I am a Cold War kid… my awakening to Geopolitics came one morning about 1983 when I turned on the TV to see if there was any passable show to munch a second bowl of Smurfberry Crunch to – and was presented with a local talk show featuring a bunch of concerned looking adults commenting on a map of my home town with a set of concentric rings superimposed. They used words like “yield” and “overpressure”, and I was sufficiently astute as a 10 year old to come away with the impression that there were otherwise sane people on the other side of the planet who happened to subscribe to an alternate political persuasion and were capable of erasing me, my family, my sugary bowl of cereal and everything else I knew in 30 minutes or less like a Domino’s pizza delivery from hell.
Heavy stuff.
While my fascination with the logic of deterrence and Strategic Nuclear war is doubtlessly a manifestation of a trauma rooted in this experience, the subject itself has a broader, albeit macabre appeal to folks interested in examples of endeavors that evince the best and worst in humankind.
About the time I got “woke” to the reality of incipient Thermonuclear horror, my childhood gaming buddy plopped a copy of Ultimatum on the table and suggested we give it a go that afternoon.
To a kid accustomed to pushing panzers around Bastogne or brigades about Bull Run a la Avalon Hill, the prospect spending an afternoon with Ultimatum seemed a bit of a letdown.
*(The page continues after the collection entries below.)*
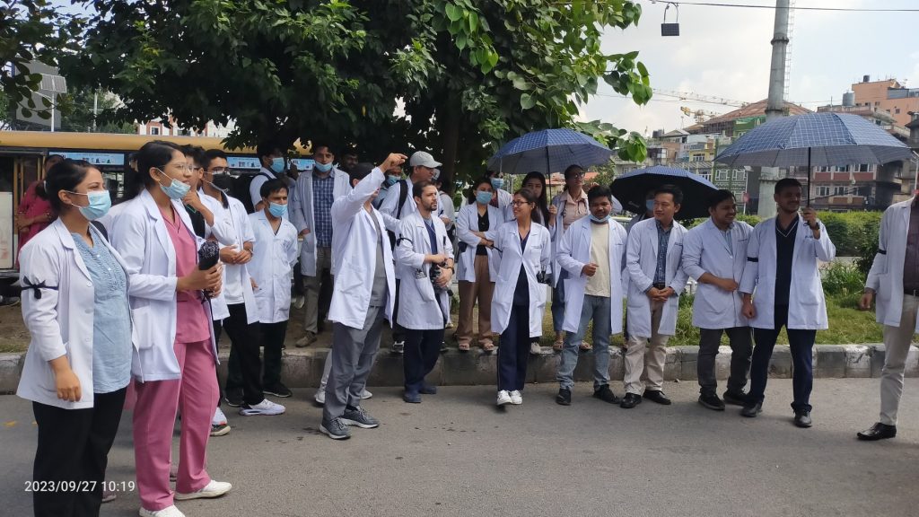 चिकित्सकहरूकाे आन्दोलन आज पनि जारी, गृहमन्त्री र स्वास्थ्य मन्त्रीकाे राजीनामा माग्दै नाराबाजी(तस्बिरहरू)
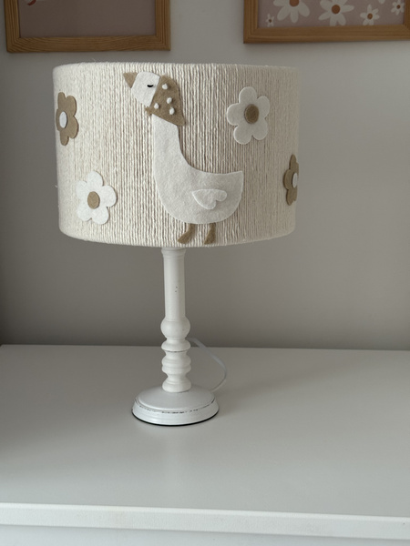 Motyw „Gąska w Kwiatach” stanowi centralny element dekoracyjny. Klosz ozdobiony jest jedną aplikacją z filcu przedstawiającą gąskę oraz sześcioma delikatnymi kwiatkami w odcieniach beżu i bieli. Ten subtelny motyw buduje ciepłą, bajkową atmosferę i sprawia, że lampka jest nie tylko źródłem światła, ale również piękną dekoracją dziecięcego wnętrza.
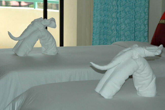※タイ・スリンのホテルのベッドメーキング。スリンはゾウの街(筆者撮影)
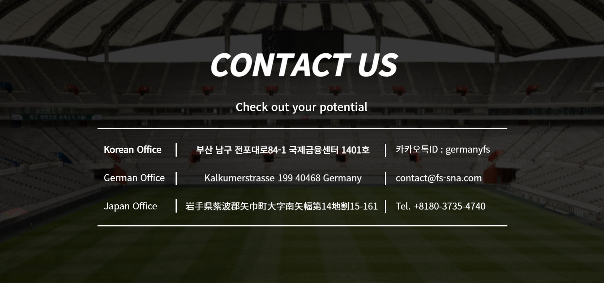 전문 독일축구유학의 선두주자 FS스포츠 축구 유학-축구 에이전시-축구 아카데미 산업의 선진화, 세계화를 목표로 독일에서 5년 이상의 경력을 쌓은 전문가를 중심으로 구성된 회사입니다. 기존의 열약한 매니지먼트 구조 환경에서 벗어나 그동안 쌓아 온 노하우와 시스템을 바탕으로 글로벌 시대에 맞추어 빠르게 변화하고 있는 독일 축구시장에서, FS S&A만의 색깔로 축구 선수들의 불편함 해소 그리고 진출을 위해 최선을 다할 것입니다. 전문성을 기반으로 한 법률, 의료행정처리와 축구 매니지먼트를 통하여 세계에서 인정 . . . 뛰어난 행정능력 비자, 거주, 학업, 이적, 선수 등록 등 축구 유학의 핵심 행정 능력을 책임집니다. 전문가 협업, 효율 증대 독일 선수생활과 학업의 효율 증대를 위한 각 분야 전문가 업무 분업을 시행 중입니다. 철저한 관리와 서포트 베타버전 애플리케이션 시행을 통한 선수 중요 서류, 학업성적, 식단, 학교 출석, 훈련 출석 확인이 가능합니다. 과정을 통한 결과 한국 아마추어 선수를 독일에서 직접 훈련, 양성하여 수차례 독일 프로 진출을 이뤘습니다. 신뢰를 기반으로 한 FS스포츠 현재 독일에는 무수히 많은 축구 에이전시가 존재합니다. 하지만 대부분 독일어를 제대로 구사하지 못하는 일반인이 운영하는 하숙집을 에이전시라 포장하며 일부는 프로구단과 라이센스 계약을 체결하여 프로구단 1군 2군과 연관이 없지만 마치 프로구단에서 직접 선수를 양성 스카우트하는 것처럼 눈속임하여 운영하고 있는 실태입니다. 심지어 이미 타 에이전시와의 협업을 통해 입단이 끝난 선수를 자회사 선수로 영입 계약하여 자사가 입단을 시킨것으로 사기행각을 벌이고 있습니다. 이러한 눈속임에 속지 않기 . . . FS스포츠 소개 더보기FS독일이적 시스템

Ostensibly, the game entails allocating units carrying thermonuclear weapons to your opponent’s targets, and if the dice smile will it, placing a mushroom cloud which garnered you a number of victory points depending on the target.
Well, it took me a portion of a subsequent career as an Air Force ICBM Combat Crew launch officer and a class or two in operations research to truly grok how fascinating Ultimatum could be, and how it provides the civilian layperson a compelling glimpse at some of the more salient issues concerning the nuclear balance of terror in the ICBM age. I will provide a more in-depth critique of this game in later posts as I more fully explore some issues related to Strategic Nuclear warfare, but what I want to do in this post is relate some of the math involved in determining (near) optimal allocations of weapons given a set of targets for a small example, which can be later extended to the scenarios of Ultimatum.
I’ll wager most people who have played Ultimatum have played it using the “drop a bomb, roll some dice” approach. While this can be oddly satisfying, especially if you get to blow up the city you live in, one can achieve a much more optimum allocation of their arsenal if they are willing to do some math. I found a paper [1] produced by some Air Force officers back in 1973 around the time where computers were becoming powerful and available enough for researchers outside the largest corporations or think tanks to get a hold of and do real work with. I used their study to structure the equations I shall later describe.
Statement of the Targeting Problem
In this small example, the Blue player is tasked with determining an optimal allocation of available weapons for a first strike, counterforce release of weapons against a set of Red counterforce targets given a set of available Blue Missiles and Bombers. This framework will later be extended and applied to select scenarios in the Ultimatum game.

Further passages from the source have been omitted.